▶ TASK: All records are to be reproduced verbatim, with images omitted.

▶ DATA SECTION:

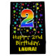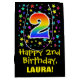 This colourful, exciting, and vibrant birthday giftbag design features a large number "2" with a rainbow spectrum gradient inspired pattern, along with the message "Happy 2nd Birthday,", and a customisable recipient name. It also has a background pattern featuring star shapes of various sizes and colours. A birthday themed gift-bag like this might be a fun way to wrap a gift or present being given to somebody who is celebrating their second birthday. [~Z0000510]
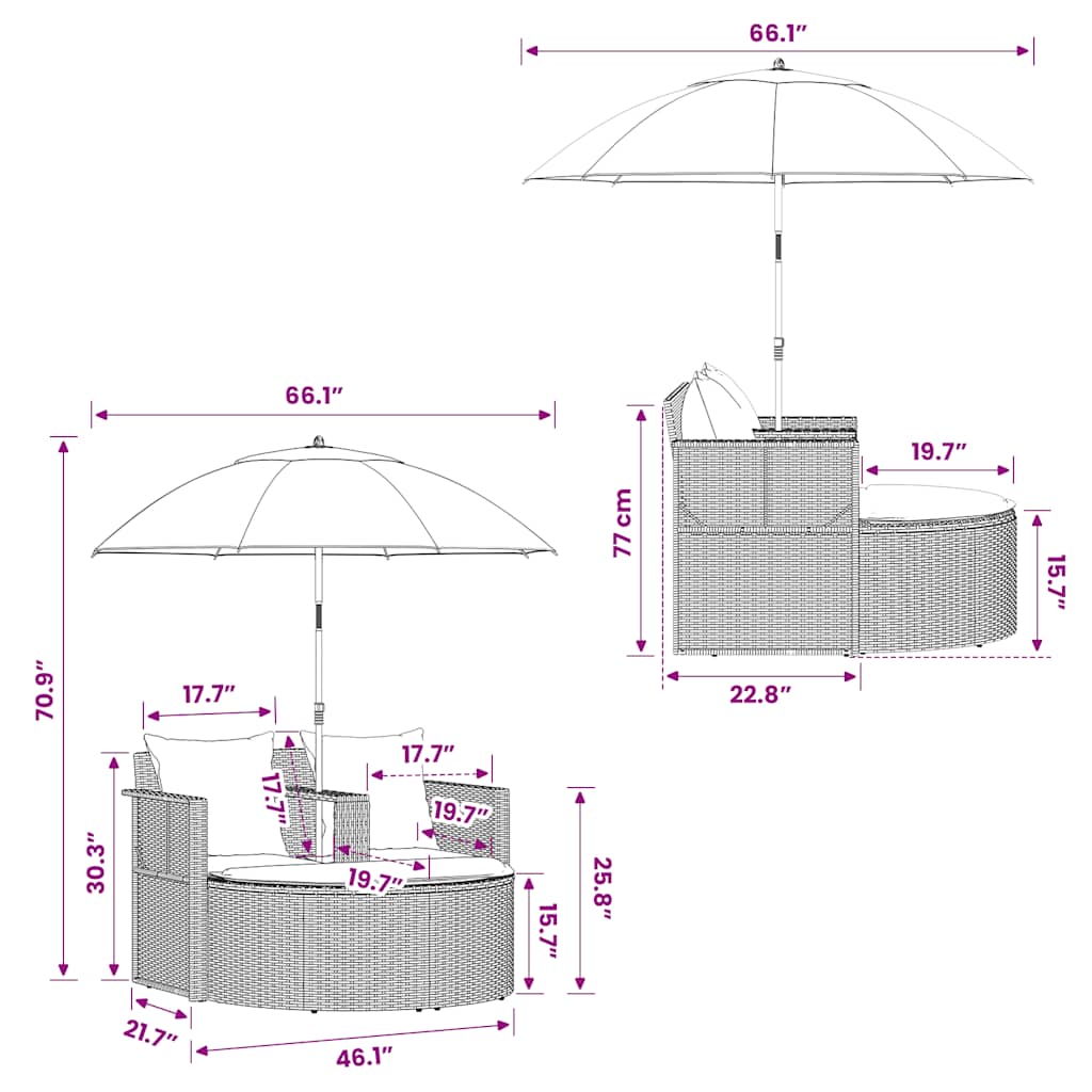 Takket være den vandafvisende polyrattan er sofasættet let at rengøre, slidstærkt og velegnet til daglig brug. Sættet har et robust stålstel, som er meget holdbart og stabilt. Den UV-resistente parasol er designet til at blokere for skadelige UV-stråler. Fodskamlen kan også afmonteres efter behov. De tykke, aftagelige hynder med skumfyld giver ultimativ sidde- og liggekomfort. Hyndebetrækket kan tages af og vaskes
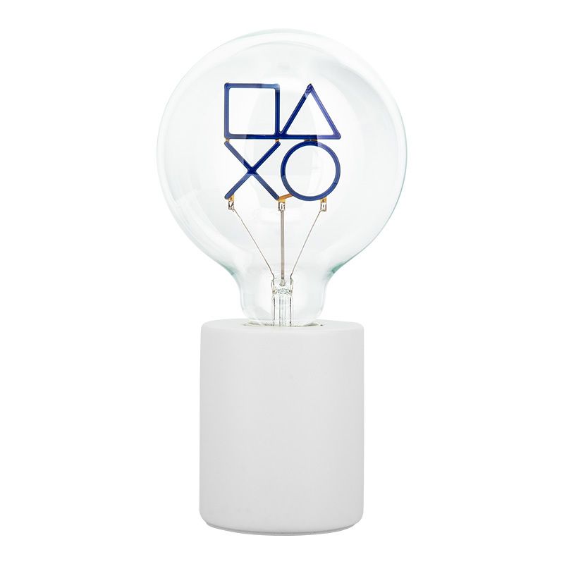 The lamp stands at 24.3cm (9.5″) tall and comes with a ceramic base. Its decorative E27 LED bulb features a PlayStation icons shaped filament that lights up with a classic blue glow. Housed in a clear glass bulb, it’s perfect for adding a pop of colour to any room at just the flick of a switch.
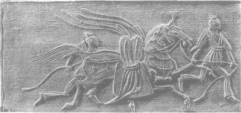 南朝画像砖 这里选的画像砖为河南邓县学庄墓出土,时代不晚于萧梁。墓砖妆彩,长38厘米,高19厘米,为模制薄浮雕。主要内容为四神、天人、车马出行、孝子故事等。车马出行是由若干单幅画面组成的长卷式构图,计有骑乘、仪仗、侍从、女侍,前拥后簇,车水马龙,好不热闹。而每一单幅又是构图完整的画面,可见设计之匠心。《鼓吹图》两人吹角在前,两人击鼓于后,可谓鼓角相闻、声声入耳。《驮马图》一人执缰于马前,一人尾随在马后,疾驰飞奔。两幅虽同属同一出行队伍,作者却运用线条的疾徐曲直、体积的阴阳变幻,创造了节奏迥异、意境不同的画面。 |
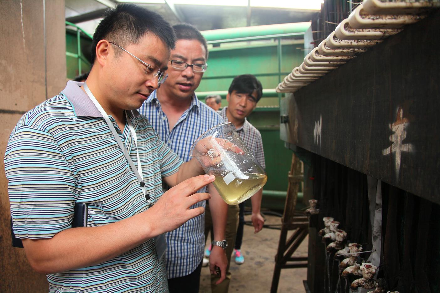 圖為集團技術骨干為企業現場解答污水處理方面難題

▶ ANSWER BELOW:
 This colourful, exciting, and vibrant birthday giftbag design features a large number "2" with a rainbow spectrum gradient inspired pattern, along with the message "Happy 2nd Birthday,", and a customisable recipient name. It also has a background pattern featuring star shapes of various sizes and colours. A birthday themed gift-bag like this might be a fun way to wrap a gift or present being given to somebody who is celebrating their second birthday. [~Z0000510]
 Takket være den vandafvisende polyrattan er sofasættet let at rengøre, slidstærkt og velegnet til daglig brug. Sættet har et robust stålstel, som er meget holdbart og stabilt. Den UV-resistente parasol er designet til at blokere for skadelige UV-stråler. Fodskamlen kan også afmonteres efter behov. De tykke, aftagelige hynder med skumfyld giver ultimativ sidde- og liggekomfort. Hyndebetrækket kan tages af og vaskes
 The lamp stands at 24.3cm (9.5″) tall and comes with a ceramic base. Its decorative E27 LED bulb features a PlayStation icons shaped filament that lights up with a classic blue glow. Housed in a clear glass bulb, it’s perfect for adding a pop of colour to any room at just the flick of a switch.
 南朝画像砖 这里选的画像砖为河南邓县学庄墓出土,时代不晚于萧梁。墓砖妆彩,长38厘米,高19厘米,为模制薄浮雕。主要内容为四神、天人、车马出行、孝子故事等。车马出行是由若干单幅画面组成的长卷式构图,计有骑乘、仪仗、侍从、女侍,前拥后簇,车水马龙,好不热闹。而每一单幅又是构图完整的画面,可见设计之匠心。《鼓吹图》两人吹角在前,两人击鼓于后,可谓鼓角相闻、声声入耳。《驮马图》一人执缰于马前,一人尾随在马后,疾驰飞奔。两幅虽同属同一出行队伍,作者却运用线条的疾徐曲直、体积的阴阳变幻,创造了节奏迥异、意境不同的画面。 |
 圖為集團技術骨干為企業現場解答污水處理方面難題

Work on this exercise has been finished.